Now we can smoothly segue from agriculture to the chemical industry, including its pharmaceutical offshoot. Here my mea culpas reach fervour pitch and I’m banging my head on the floor even as we speak.

In particular, I’d like to apologise for Hippocrates who first noticed the medicinal properties of willow bark, Charles Frédéric Gerhardt who synthesised that bark’s acetylsalicylic acid, and the firm Bayer that turned it into mass-produced aspirin.

Enough people have already apologised for another Bayer product, the Zyklon B gas that served the needs of Germany’s growth industry in the 1940s. Yet mine is the first apology for its seemingly innocuous aspirin, which might not have killed a few million people directly, but has still dealt a mortal blow to our planet.

As to Alexander Fleming with his evil penicillin, don’t let me get going on that mass murderer. The pathetic little benefit of antibiotics, saving a few carbon-producing lives, is outweighed by the egregious damage caused by manufacturing those satanic potions.

Have you seen smoke coming out of pharmaceutical factories? Then you know what they do to our planet, and I’m genuinely sorry. So say no to drugs (other than recreational ones) and explore the medicinal properties of naturally growing grasses, nuts and tree bark – and if you don’t, I’ll report you to ‘Great’.

The list could go on, each item accompanied by my head-banging apology. But you get the message: all science and technology over the ages has been hatched by a perfidious conspiracy devoted to destroying our planet.

It’s time we sat down and pondered the possible solutions (actually, sitting down is the only option here in London, what with ‘Great’s’ troops gridlocking the city centre).

The conspirators I mentioned camouflage their subversion with empty pronouncements about people living longer and better as a result of the Industrial Revolution. Rather than apologising for it, hiss those snakes, we must give thanks.

Those vermin don’t realise that they thereby betray their fiendish designs. For the problem is precisely the longer lifespans and therefore greater numbers of people befouling our planet.

Reverting to the pre-industrial, ideally pre-historic, conditions would rapidly depopulate, and thereby save, our planet.
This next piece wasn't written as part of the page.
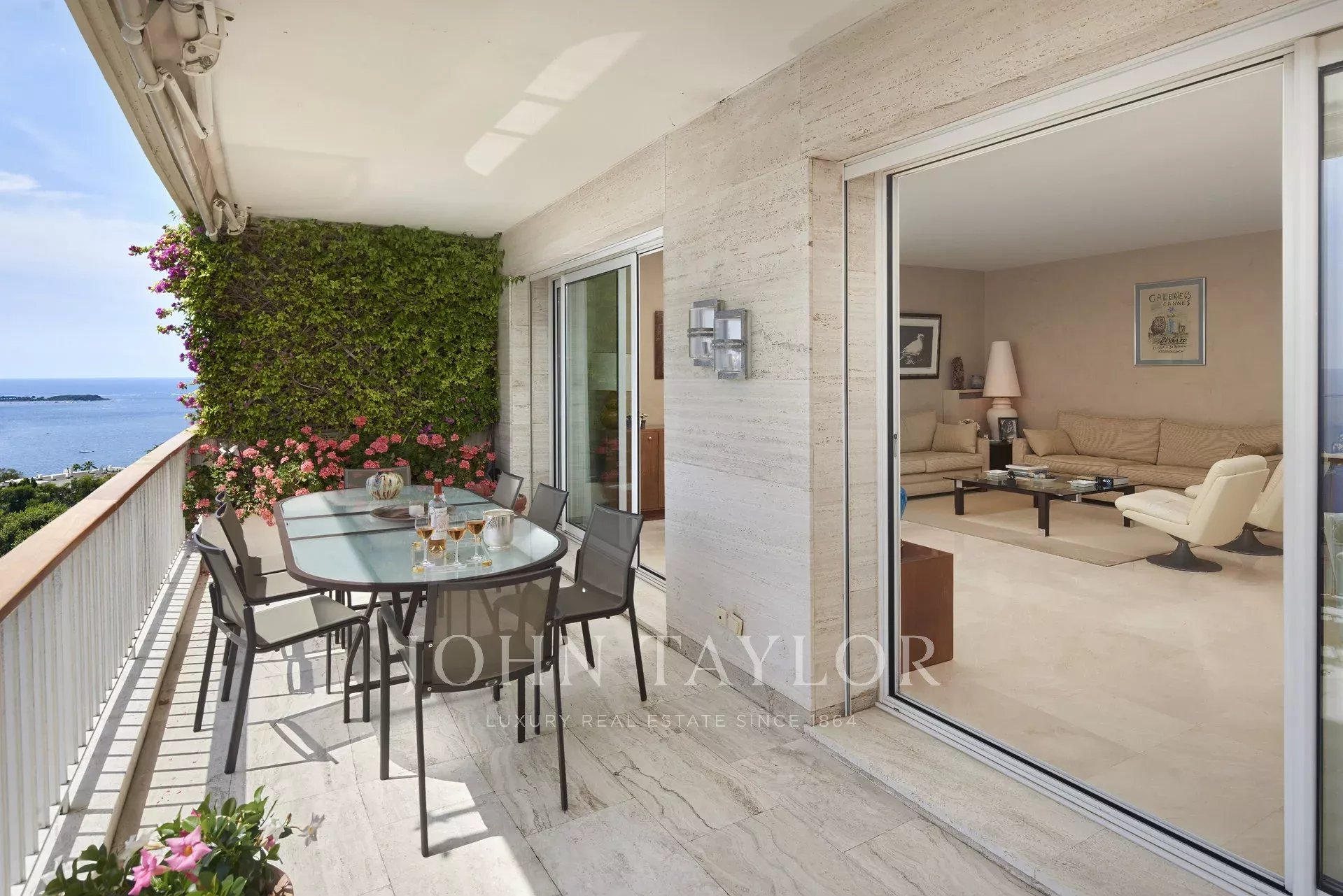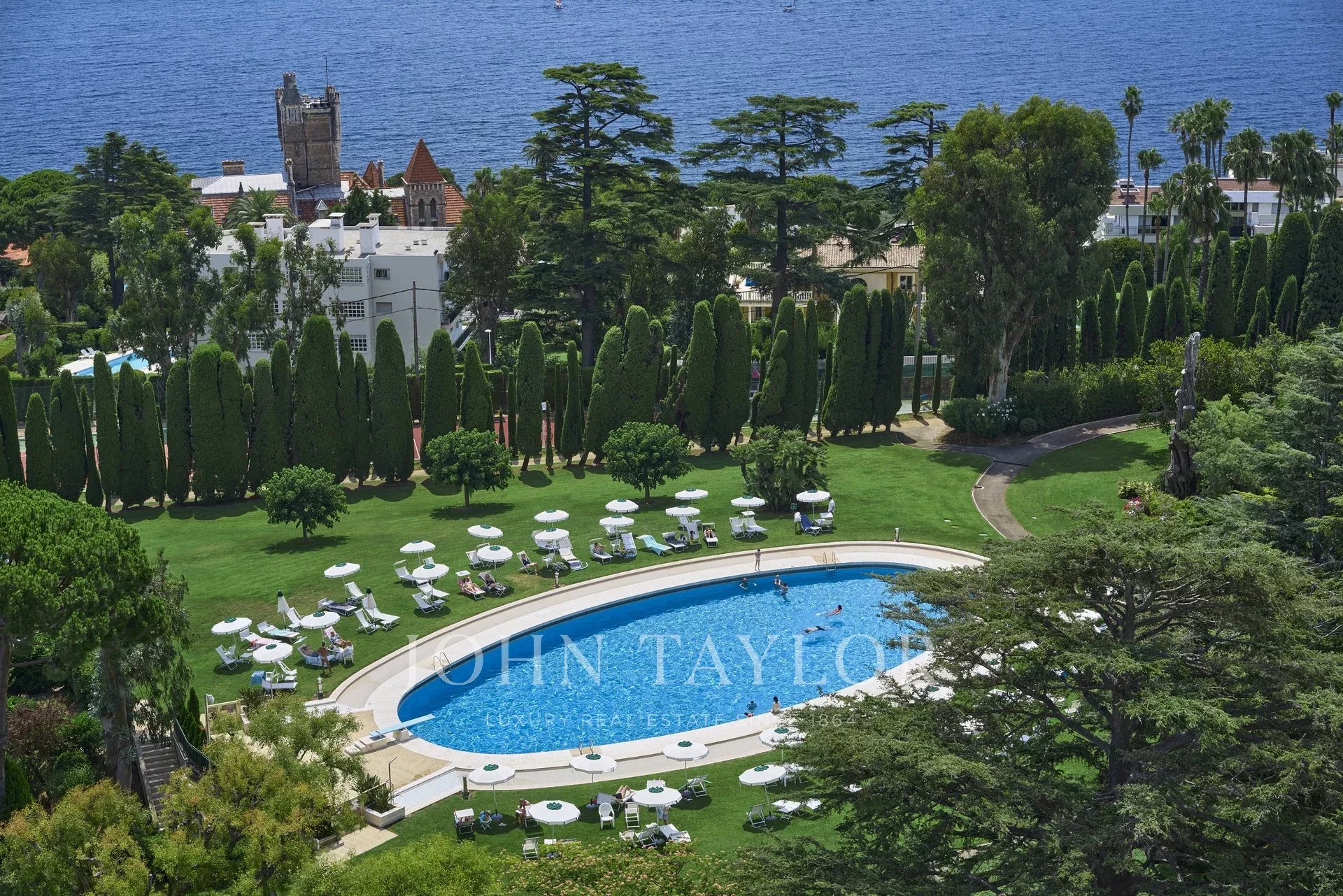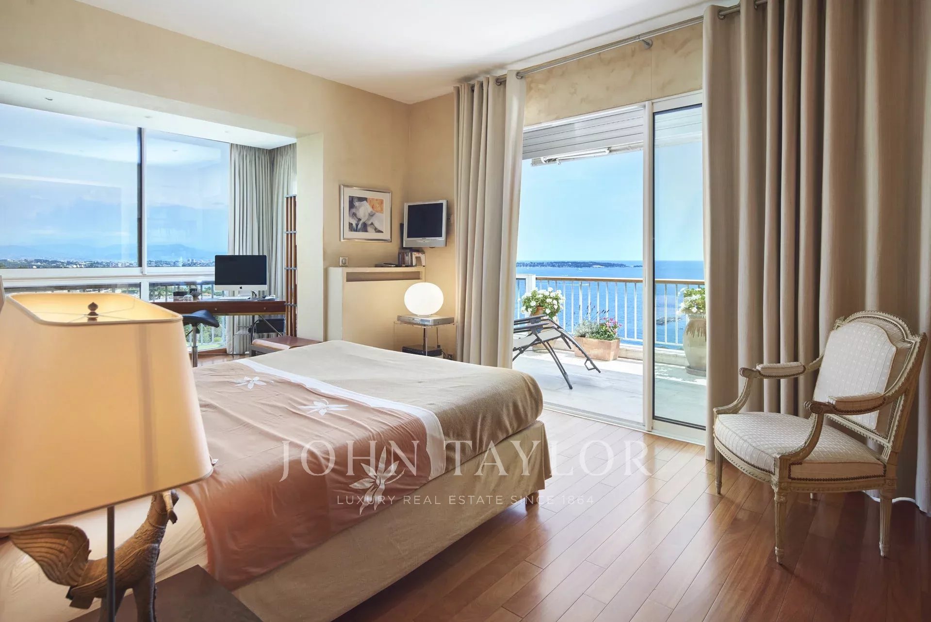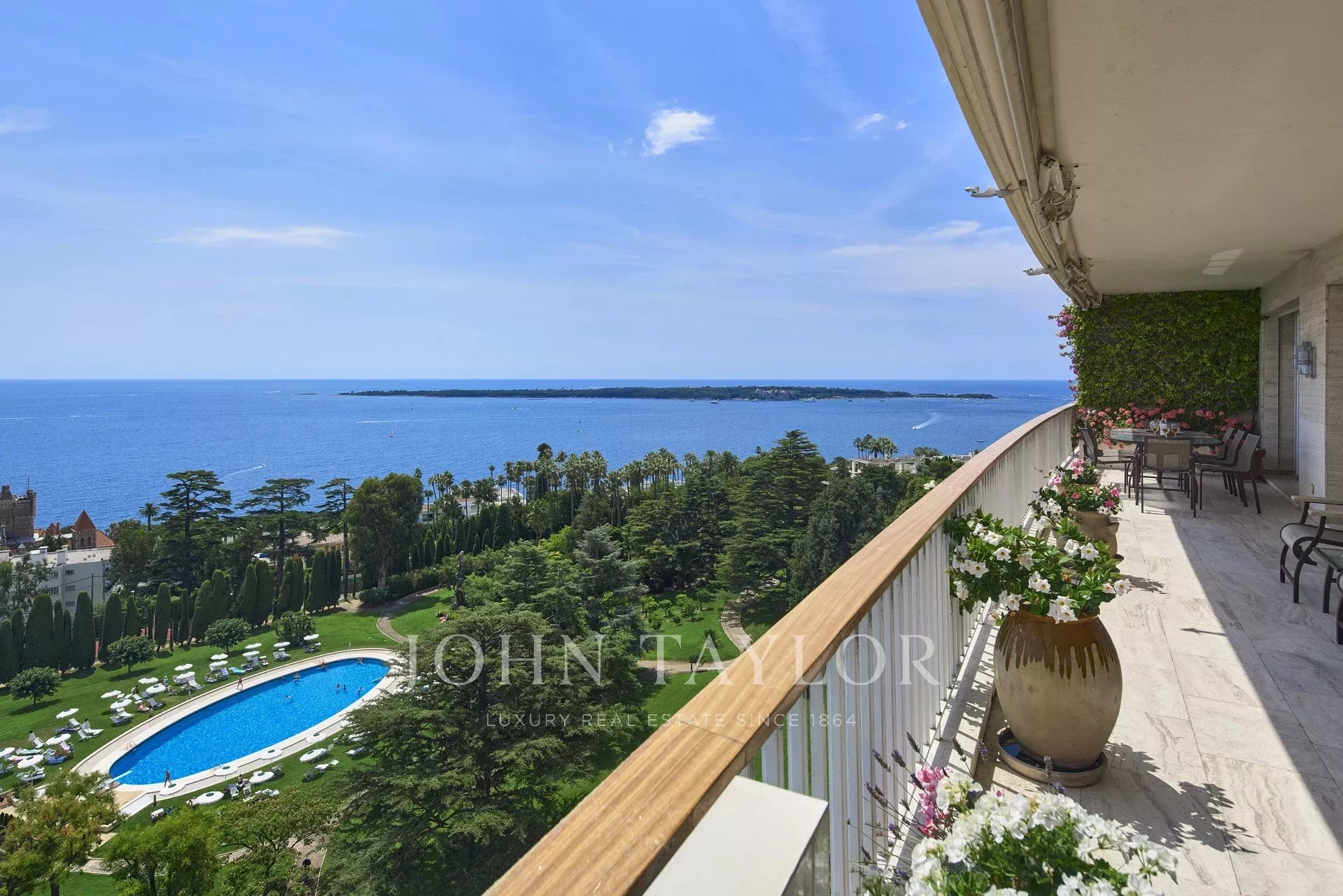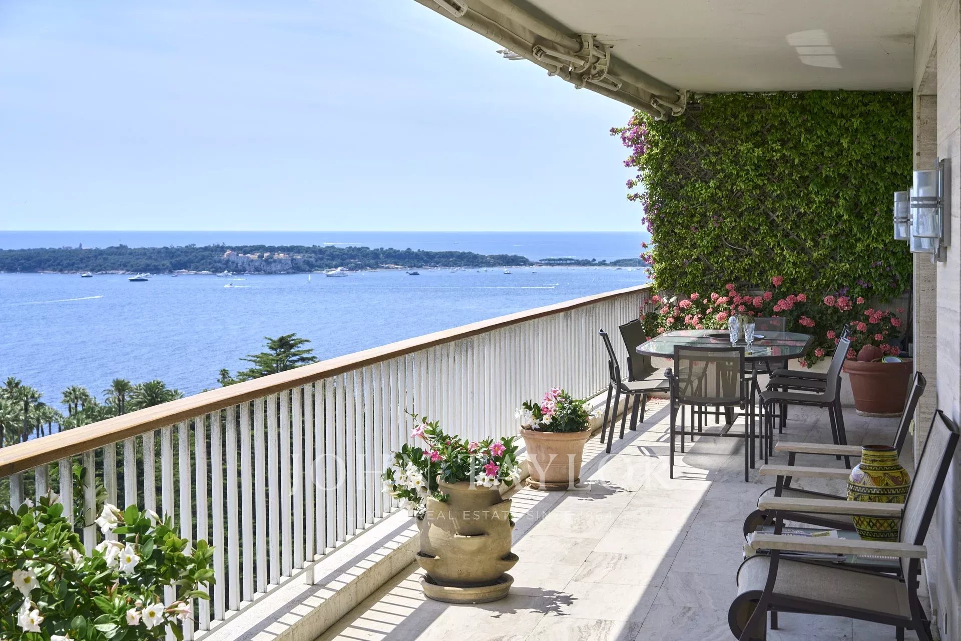 Auf den Höhen von Cannes, in einer Luxusresidenz im Herzen eines 11 Hektar großen Parks, klimatisierte Wohnung mit herrlichem Meerblick auf die Iles de Lérins und das Cap d'Antibes.

I just wish ‘Great’ and her friends had the courage to spell out this objective in so many words.

Perhaps they are planning to do so shortly. If that’s the case, I may have inadvertently stolen their thunder, for which I’m terribly sorry.

2 thoughts on “Je m’excuse…!”

  1. I have often thought that besides our earliest ancestors walking on two feet [releasing the arms and hands for other activities] the consumption of meat on a regular basis had to be a significant development. You get a greater amount of calories and nutrition in a smaller package and quicker.

    Grazing animals so poor is the caloric and nutritional value of grass need to spend as much as twenty hours a day munching and processing green stuff with their double stomach [which humans do not have of course].